Today’s Milwaukee Journal Sentinel carries a very humorous column by Jim Stingl about the most unfunny stabbing of a man by two Milwaukee women. The stabber-in-chief said they were just trying to achieve a risque form of entertainment they called spirit werewolfism. Since many of my book titles include the word “werewolves,” I received a call from Stingl — of whom I am a fan — who wondered if I had any thoughts on the bizarre event.

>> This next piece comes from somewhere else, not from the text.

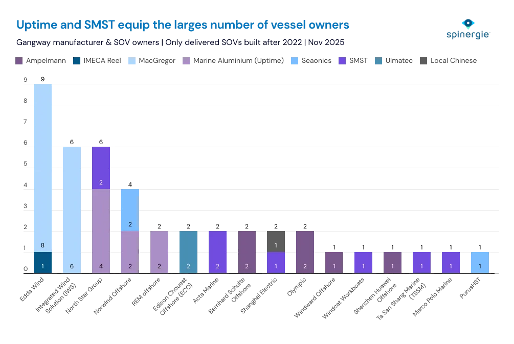 There are some companies, such as Barge Master and Safeway, that are no longer active in the SOV gangway market. They last delivered equipment in 2017 and 2021 respectively.

I told him that it seemed like an eerie replay of a 1989 event where one Deborah Kazuck and a woman friend lured a man to their apartment and then ambushed him by leaping from behind the shower curtain with an ax. They chased him while shouting Redrum! (murder backwards). They explained later that they were trying to invoke the spirit of Jack the Ripper by “kacking” someone.The kackee survived, as did the werewolf spirit victim, but both suffered severe injuries. Stingl, in fact, wrote a 1996 column about Kazuck’s possible release from a mental hospital

The parallels seem amazing to me, as does the fact that both these cases are obvious instances of mental illness. In 1989 Jack the Ripper was popular as a violent power symbol, and right now it’s the werewolf. I’m not sure what the next big anti-hero fad will be, but I advise lonely single guys in Milwaukee to be very very careful of any woman’s apartment decorated with posters of, say, the devil. And for safety’s sake, they may want to consider dating upright canines or lady Bigfoot instead — at least no one I know of has been sent to the hospital by those creatures.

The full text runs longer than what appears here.